Items from a data source
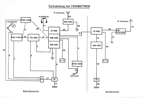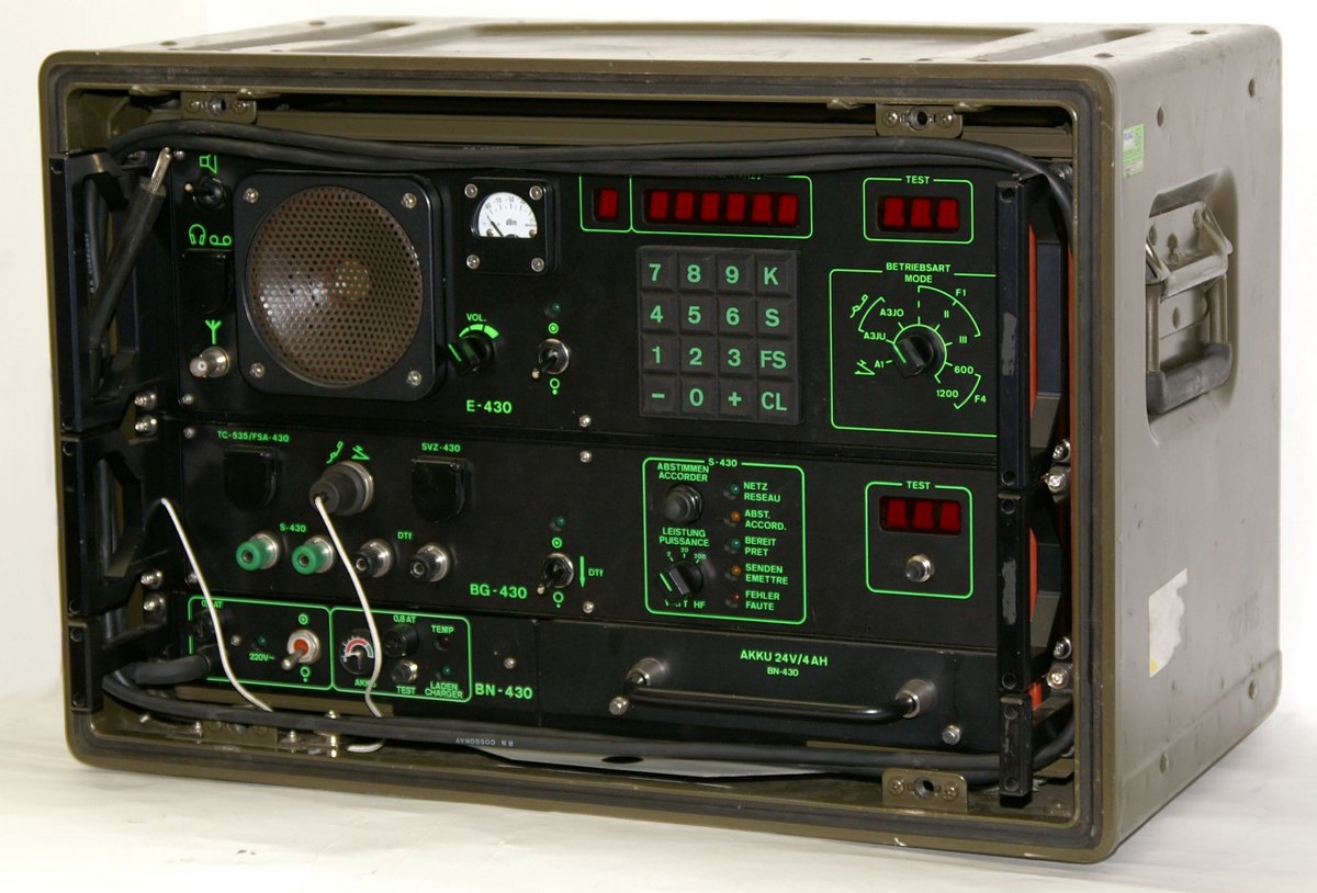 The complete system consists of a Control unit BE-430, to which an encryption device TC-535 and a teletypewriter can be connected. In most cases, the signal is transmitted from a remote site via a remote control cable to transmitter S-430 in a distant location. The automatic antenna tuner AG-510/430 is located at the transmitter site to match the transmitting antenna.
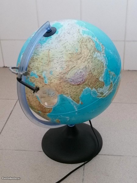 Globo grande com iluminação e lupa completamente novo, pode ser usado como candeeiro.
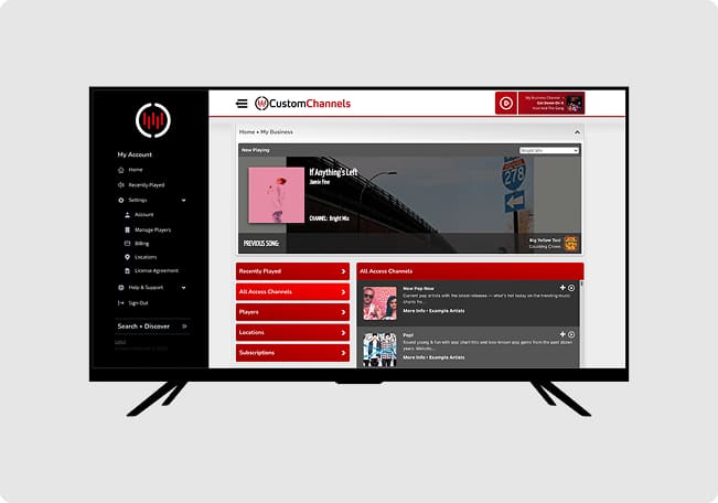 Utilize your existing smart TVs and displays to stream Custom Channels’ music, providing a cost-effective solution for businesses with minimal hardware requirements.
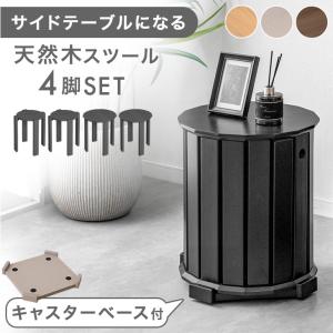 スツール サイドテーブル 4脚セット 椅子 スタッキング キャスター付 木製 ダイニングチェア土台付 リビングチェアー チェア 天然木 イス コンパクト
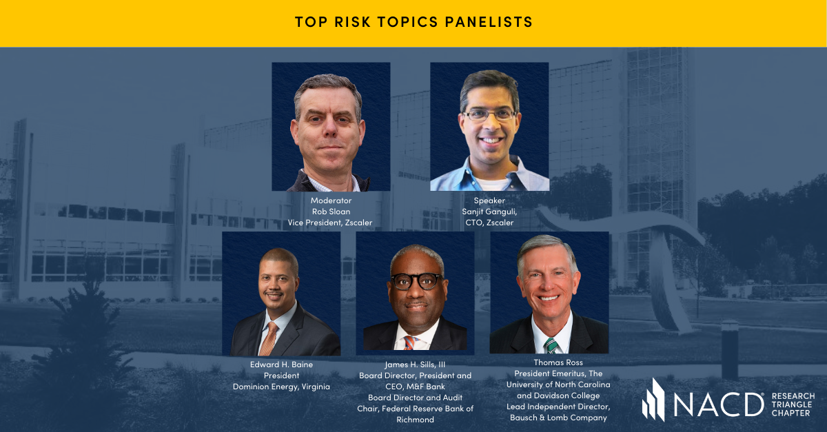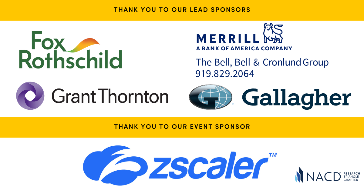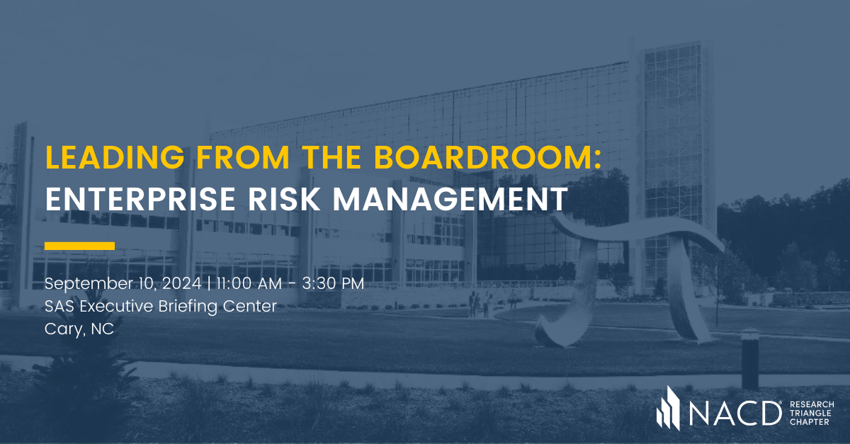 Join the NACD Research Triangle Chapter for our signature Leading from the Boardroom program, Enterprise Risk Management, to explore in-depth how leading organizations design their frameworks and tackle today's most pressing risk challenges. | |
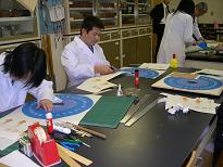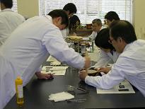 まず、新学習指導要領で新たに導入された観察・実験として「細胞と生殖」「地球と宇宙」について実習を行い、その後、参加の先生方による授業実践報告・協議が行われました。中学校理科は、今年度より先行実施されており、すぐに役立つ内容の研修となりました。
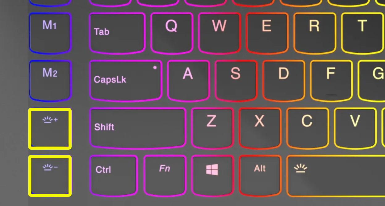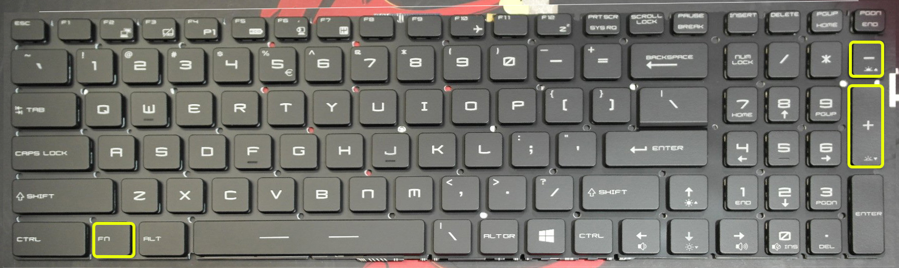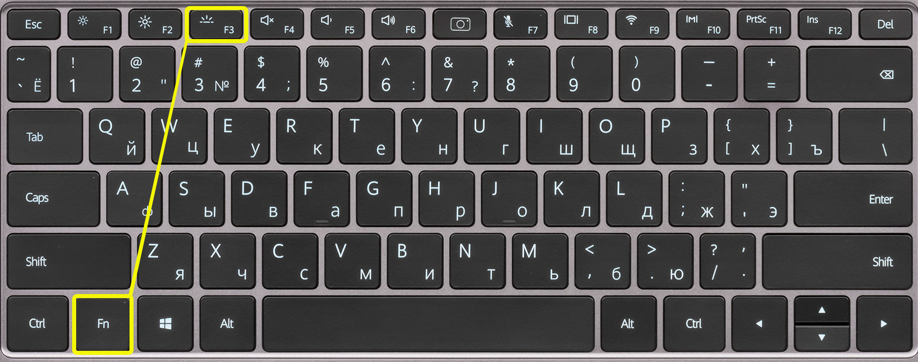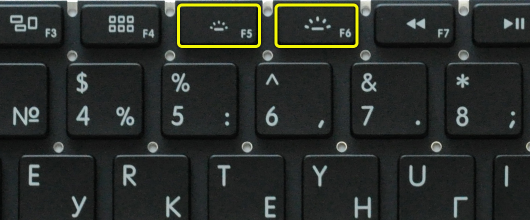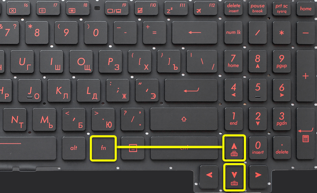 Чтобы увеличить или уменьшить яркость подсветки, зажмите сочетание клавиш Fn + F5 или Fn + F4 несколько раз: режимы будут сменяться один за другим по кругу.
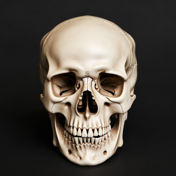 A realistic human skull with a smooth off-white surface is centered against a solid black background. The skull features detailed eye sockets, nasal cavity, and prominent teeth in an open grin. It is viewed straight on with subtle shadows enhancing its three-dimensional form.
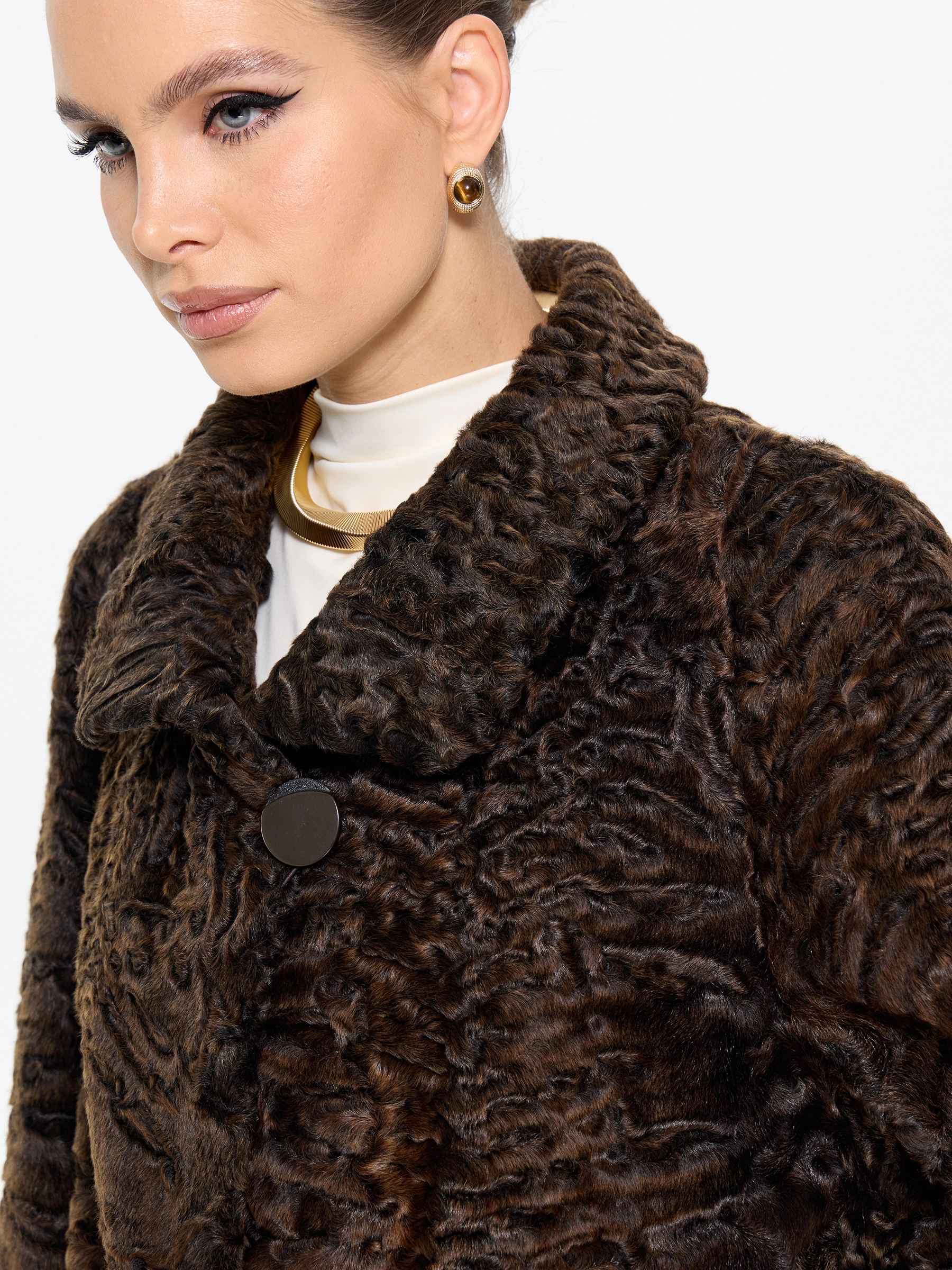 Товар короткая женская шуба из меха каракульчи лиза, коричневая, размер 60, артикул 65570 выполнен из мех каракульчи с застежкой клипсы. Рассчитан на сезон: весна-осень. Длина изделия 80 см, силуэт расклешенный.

PROBLEM:
Find the line with "まず、新学習指導要領で新たに" and the line with "Чтобы увеличить или" in the records above. Copy both and all lines between them exactly, without pictures.

RESULT:
 まず、新学習指導要領で新たに導入された観察・実験として「細胞と生殖」「地球と宇宙」について実習を行い、その後、参加の先生方による授業実践報告・協議が行われました。中学校理科は、今年度より先行実施されており、すぐに役立つ内容の研修となりました。
 Чтобы увеличить или уменьшить яркость подсветки, зажмите сочетание клавиш Fn + F5 или Fn + F4 несколько раз: режимы будут сменяться один за другим по кругу.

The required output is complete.